Twitter n’est que peu adopté par les élèves de 5e inscrits sur les réseaux sociaux. La plateforme est identifiée comme celle qui permet de suivre les « adultes intéressants » comme des participants à des émissions de téléréalité, des gamers, sportifs, Youtubers…

Twitter reste une source de contenus humoristiques (memes, blagues…), mais n’en a plus le monopole, Instagram et TikTok étant de sérieux concurrents sur ce créneau.

Discord, entre la messagerie et le forum

C’est la surprise de cette année, Discord commence à être cité comme application de référence par une partie des interrogés, parfois même celle sur laquelle ils passent le plus de temps. Une autre partie des sondés n’en a jamais entendu parlé.

Avec plus de 250 millions d’utilisateurs, Discord est une application de messagerie vocale et textuelle bien connue des gamers, mais aussi de plus en plus des jeunes en général qui apprécient la fluidité et la qualité des échanges organisés en forums (appelés « serveurs ») qui rassemblent une communauté autour de sujets de discussion variés.

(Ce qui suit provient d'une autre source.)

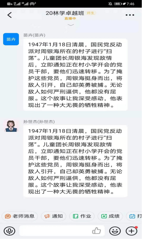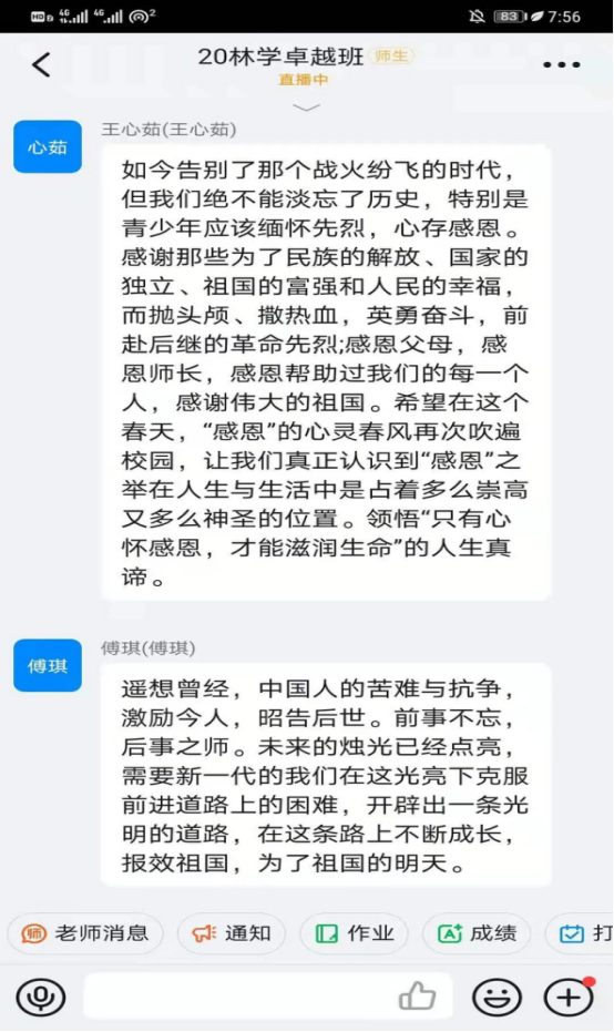 此次团会活动以钉钉线上形式举行,由本班宣传委员主持。本次活动共分为四个环节,在活动中,同学们依次进行了诗歌朗诵、历史故事回顾、唱红歌、发表感言。在回顾历史故事的时候,同学们都被为国捐躯的烈士们的事迹所感动,并表示自己一定会好好珍惜当下来之不易的幸福生活。好好学习,日后为建设祖国做贡献。张晨曦同学表示:“我们作为跨世纪的一代,面对未来,祖国的前途无限光辉灿烂,我们更应该具有爱国之情和树立报国之心。当看到一个个海外归来的游子们,用他们的知识报效我们祖国时,我们更深刻地认识到了爱国。”其他同学也轮流发表了自己的感悟。

Twitch, pour le live streaming

À l’instar de Discord, Twitch (racheté par Amazon en 2014)  a d’abord été adoptée massivement par les gamers, mais on y trouve aujourd’hui d’autres communautés qui s’y retrouvent sur bien d’autres sujets et apprécient les interactions en direct avec les streamers.

Avec l’ouverture d’un bureau à Paris début septembre, Twitch est sans aucun doute la « petite » plateforme qui monte.

YouTube… pour tout le reste !

YouTube, devenu un média incontournable, « bénéficie d’une unanime et très haute cote d’amour de la part de tous les plus jeunes. » 

Dans les cours de récré, les collégiens discutent de ce qu’ils y regardent, comme on discutait autrefois du programme de la veille au soir à la télé.

« Devenir streamer ou Youtuber est une perspective caressée par tous ou presque » affirme Heaven. Et pour ceux qui ont déjà une chaîne, elle devient un espace de discussion entre amis.

 Les plateformes montantes (que vous ne connaissez sans doute pas)

Souvent utilisés à des fins professionnelles, ces outils Google ont été adoptés par les plus jeunes qui ont trouvé plus simple d’avoir la bénédiction de leurs parents pour la création d’une adresse gmail par leurs parents que pour leur inscription sur un réseau social.

Hangout est ainsi utilisé comme messagerie ou pour appeler les copains.

Quant à Google Docs, ils sont détournés depuis 2018 comme messagerie. Dans les salles de classe, on ne se fait plus passer des petits bouts de papier d’une rangée à l’autre, on partage un document en faisant mine de prendre des notes ou on chatte dans la partie commentaire, mais aussi, plus tristement, on l’utilise comme vecteur de harcèlement.

 

Plus connue aux Etats-Unis qu’en France, cette application permet d’appeler simultanément 8 contacts.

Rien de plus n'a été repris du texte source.